OAK RIDGE, Tenn., Sept. 24, 2008 -- Despite widespread concern about climate change, annual carbon dioxide emissions from burning fossil fuels and manufacturing cement have grown 38 percent since 1992, from 6.1 billion tons of carbon to 8.5 billion tons in 2007.
At the same time, the source of emissions has shifted dramatically as energy use has been growing slowly in many developed countries but more quickly in some developing countries, most notably in rapidly developing Asian countries such as China and India. These are the findings of an analysis completed by the Department of Energy's Carbon Dioxide Information Analysis Center at Oak Ridge National Laboratory.
"The United States was the largest emitter of CO2 in 1992, followed in order by China, Russia, Japan and India," said Gregg Marland of ORNL's Environmental Sciences Division. "The most recent estimates suggest that India passed Japan in 2002, China became the largest emitter in 2006, and India is poised to pass Russia to become the third largest emitter, probably this year."
The latest estimates of annual emissions of carbon dioxide to the atmosphere indicate that emissions are continuing to grow rapidly and that the pattern of emissions has changed markedly since the drafting of the United Nations Framework Convention on Climate Change in 1992. It was then that the international community expressed concern about limiting emissions of greenhouse gases.
In the Kyoto Protocol, 38 developed countries initially agreed to limit their emissions of greenhouse gases in an effort to minimize their potential impact on the Earth's climate system. At the time of drafting the United Nations Convention, those 38 countries were responsible for 62 percent of carbon dioxide emissions attributable to all countries. By the time the Kyoto Protocol was drafted in 1997 that fraction was down to 57 percent.
The recent emissions estimates show that by the time the Kyoto Protocol came into force in 2005 those 38 countries were the source of less than half of the national total of emissions (an estimated 49.7 percent), and this value as of 2007 was 47 percent. More than half of global emissions are now from the so-called "developing countries." The Kyoto Protocol has been ratified by 181 countries, but not by the United States.
Marland emphasizes that these emissions numbers are subject to some uncertainty – about 5 percent for the United States but possibly as much as 20 percent for China.
"These are our best estimates, but precise numbers cannot be known with certainty," Marland said. "Also, as countries with less certain data become more important to the overall CO2 picture, the estimates of the global total of emissions become less certain."

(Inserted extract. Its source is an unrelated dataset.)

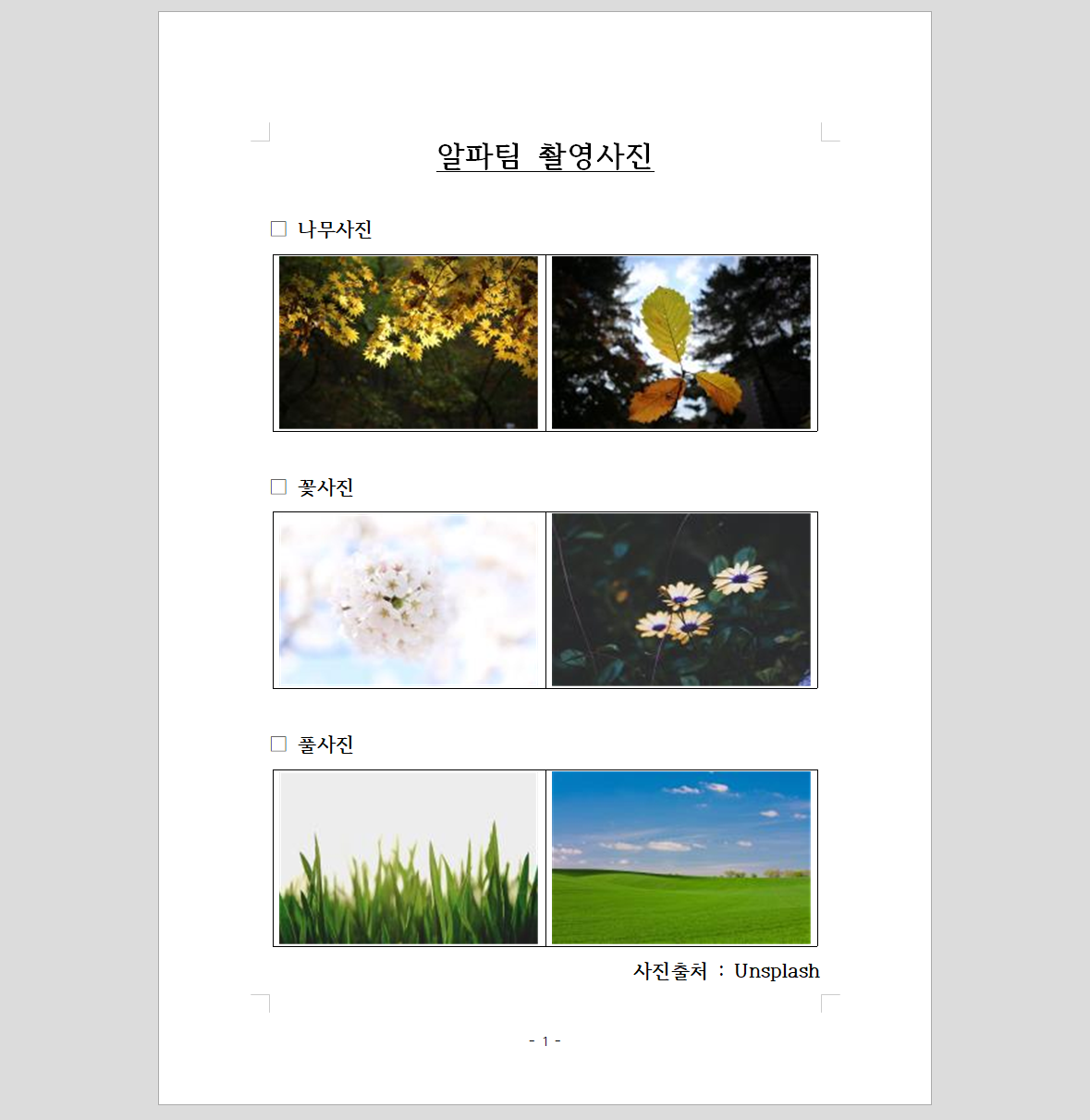 문서에는 각각 "나무사진", "꽃사진", "풀사진" 이라는 제목 아래에

While this national distribution of emissions is significant in the context of international agreements like the Kyoto Protocol, its practical significance is less clear in a world linked by international commerce, co-author Jay Gregg of the University of Maryland noted. A recent study has estimated, for example, that a third of CO2 emissions from China in 2005 were due to production of goods for export. Current estimates of national CO2 emissions show simply the amount of CO2 emitted from within a country and do not take into consideration the impact of international trade in goods and services or the energy used in international travel and transport.
The new estimates of CO2 emissions are based on energy data through 2005 from the United Nations, cement data through 2005 from the U.S. Geological Survey, energy data for 2006 and 2007 from BP, and extrapolations by Marland, Gregg and co-authors Tom Boden and Bob Andres of ORNL.
Burning fossil fuels and manufacturing cement – along with deforestation -- are the most important human-related sources of carbon dioxide emissions to the atmosphere, according to the researchers. The cement data take into account the breakdown of limestone to produce lime. Researchers also note that the new CO2 data include minor downward revisions of estimates for recent years, but the trends are not changed.